*AIM OF THE TASK*.
The whole listing needs to be written out exactly, except for any images.

*GIVEN DATA*.
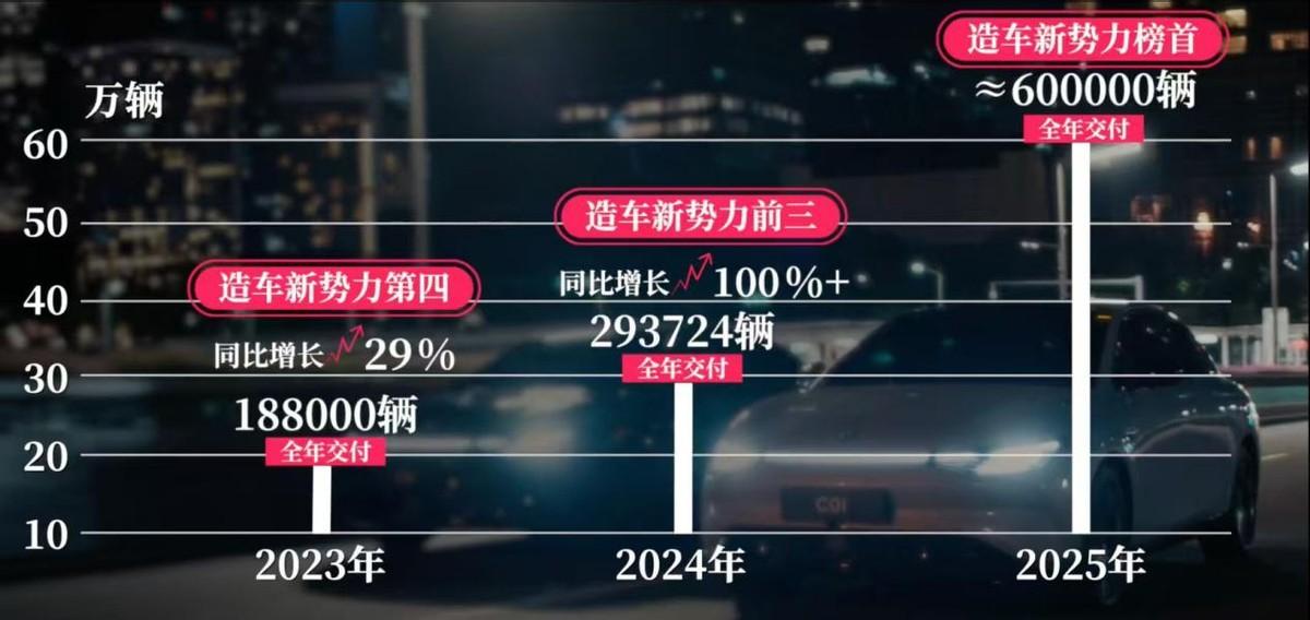 拿下中国造车新势力年度销冠!零跑25年销量近60万。 今日,零跑公布了12月销量,交付量高达60423台,2025年累计销量近60万台,直接拿下中国造车新势力年度销冠,可以说零跑用这一成绩为过去十年的奋斗画上了圆满的句号。 在这样的大背景下,前几天的零跑十周年发布会显得更有意义。在发布会现场,零跑CEO朱江明说了22个谢谢,感谢了这十年来对零跑提供帮助的同路人,还感谢了120万车主对零跑的高度支持。 用朱江明的话说,零跑能取得如今非凡的成就,全域自研功不可没。通过全域自研,零跑在核心领域自研自造的比例高达65%,有助于研发及制造环节的效率实现最大化,并形成规模效应。并且全域自研也让零跑拥有更大的话语权,议价能力更强,能够持续为消费者打造“好而不贵”的产品。就拿十周年发布会上亮相的D19和D99来说,搭载了多项行业领先技术,30万级的价格就能提供百万级的豪华体验,将”好而不贵“贯彻到底。 可以预见的是,坚持全域自研的零跑,2026年会创造更多辉煌,百万台销量目标可不是说说而已! 零跑汽车造车新势力零跑汽车:2025全年交付 59.66万台
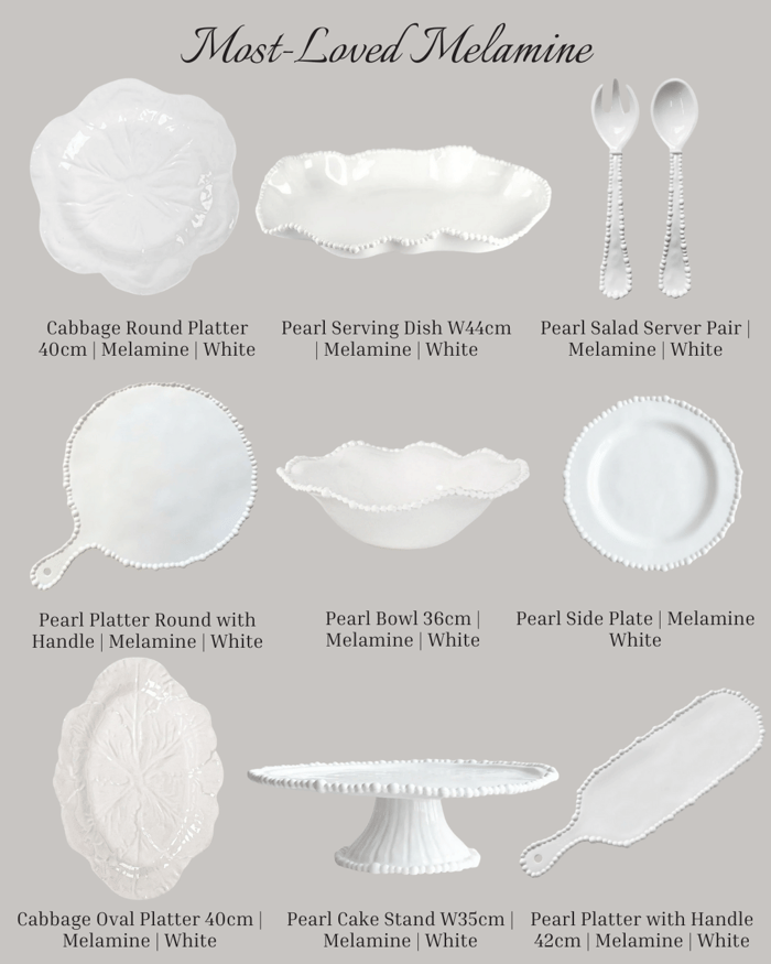 Yes — melamine is ideal for both alfresco and festive entertaining. Its lightweight, non-breakable design makes it perfect for outdoor dining, picnics, poolside meals, camping, and Christmas celebrations where effortless hosting is key. The elevated look of collections like our Pearl and Cabbage ranges adds a touch of elegance while remaining incredibly practical.
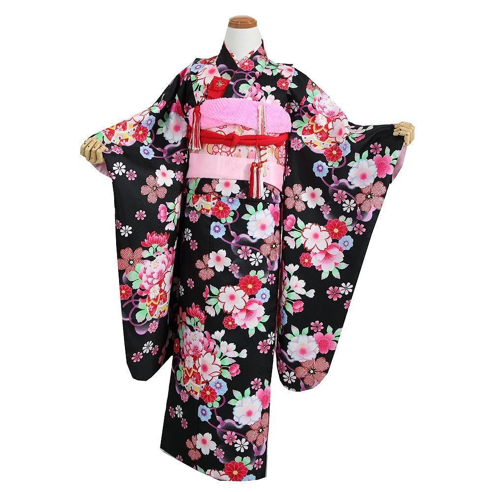 【七五三女児7歳レンタル着物】753G4-36 黒地 花 小紋【往復送料無料】
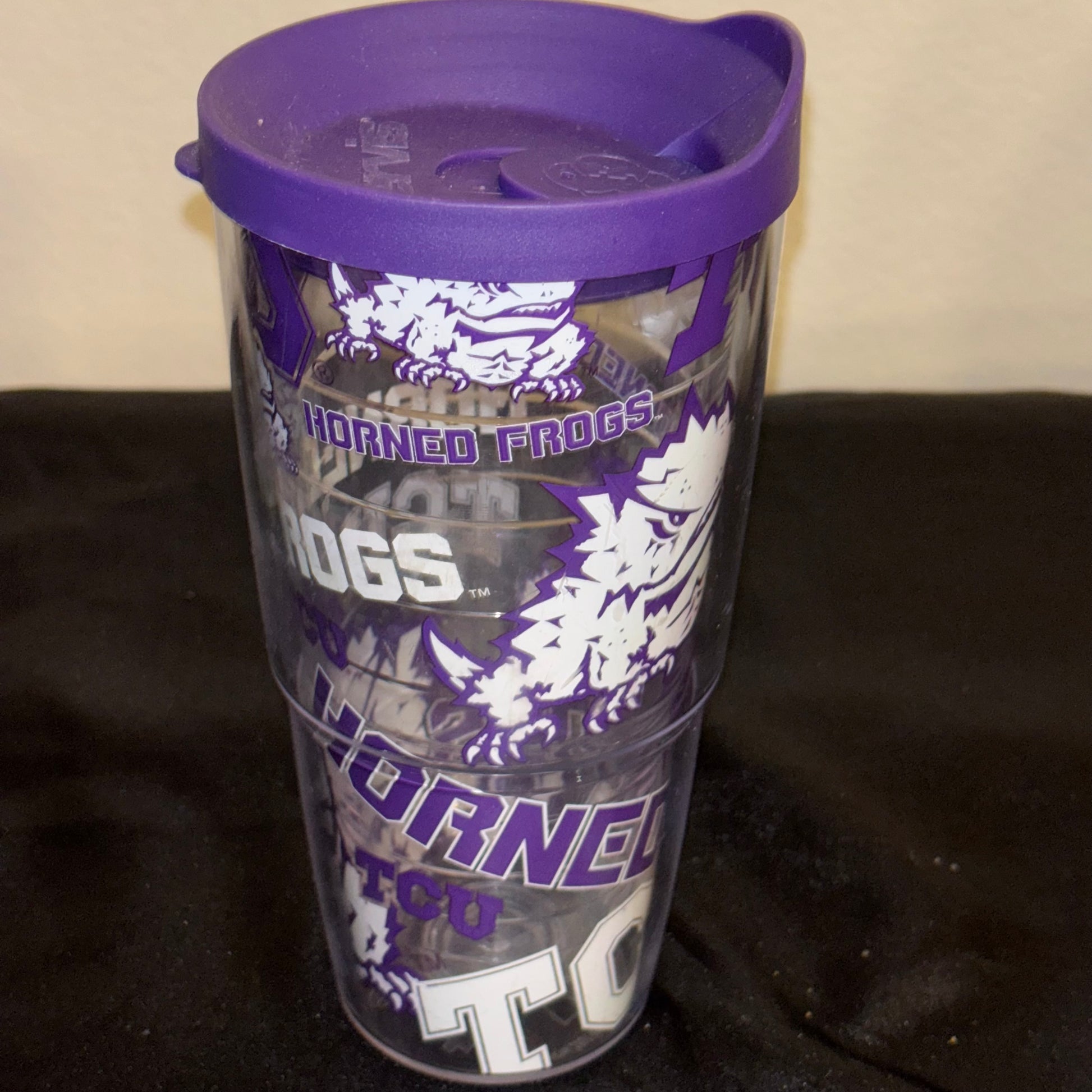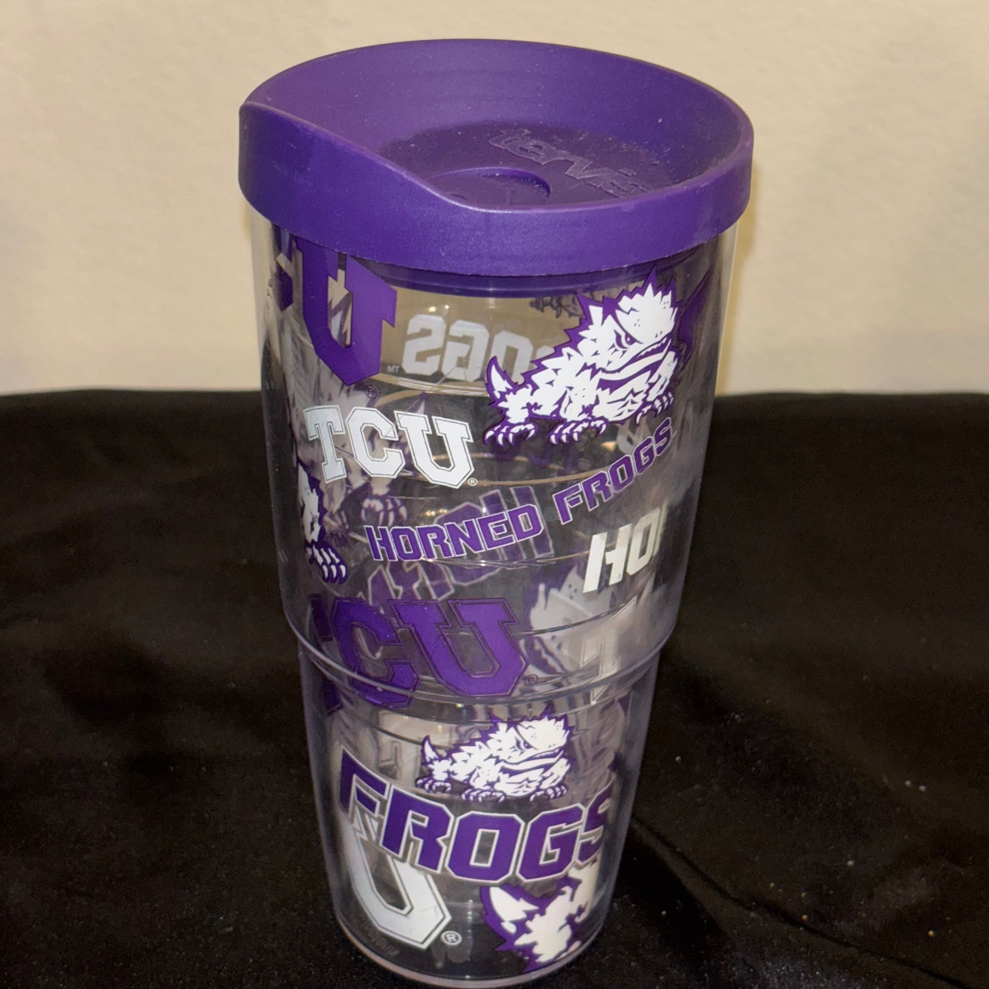 Represent your college spirit on the go with the Tervis TCU Hornfrogs large Plastic Tumbler. This portable and durable tumbler lets you enjoy your favorite beverages while showcasing your school pride. Perfect for any occasion, it's a must-have for any college student or superfan. Go Horned Frogs! Good Condition

*RESPONSE AREA*.
 拿下中国造车新势力年度销冠!零跑25年销量近60万。 今日,零跑公布了12月销量,交付量高达60423台,2025年累计销量近60万台,直接拿下中国造车新势力年度销冠,可以说零跑用这一成绩为过去十年的奋斗画上了圆满的句号。 在这样的大背景下,前几天的零跑十周年发布会显得更有意义。在发布会现场,零跑CEO朱江明说了22个谢谢,感谢了这十年来对零跑提供帮助的同路人,还感谢了120万车主对零跑的高度支持。 用朱江明的话说,零跑能取得如今非凡的成就,全域自研功不可没。通过全域自研,零跑在核心领域自研自造的比例高达65%,有助于研发及制造环节的效率实现最大化,并形成规模效应。并且全域自研也让零跑拥有更大的话语权,议价能力更强,能够持续为消费者打造“好而不贵”的产品。就拿十周年发布会上亮相的D19和D99来说,搭载了多项行业领先技术,30万级的价格就能提供百万级的豪华体验,将”好而不贵“贯彻到底。 可以预见的是,坚持全域自研的零跑,2026年会创造更多辉煌,百万台销量目标可不是说说而已! 零跑汽车造车新势力零跑汽车:2025全年交付 59.66万台
 Yes — melamine is ideal for both alfresco and festive entertaining. Its lightweight, non-breakable design makes it perfect for outdoor dining, picnics, poolside meals, camping, and Christmas celebrations where effortless hosting is key. The elevated look of collections like our Pearl and Cabbage ranges adds a touch of elegance while remaining incredibly practical.
 【七五三女児7歳レンタル着物】753G4-36 黒地 花 小紋【往復送料無料】
 Represent your college spirit on the go with the Tervis TCU Hornfrogs large Plastic Tumbler. This portable and durable tumbler lets you enjoy your favorite beverages while showcasing your school pride. Perfect for any occasion, it's a must-have for any college student or superfan. Go Horned Frogs! Good Condition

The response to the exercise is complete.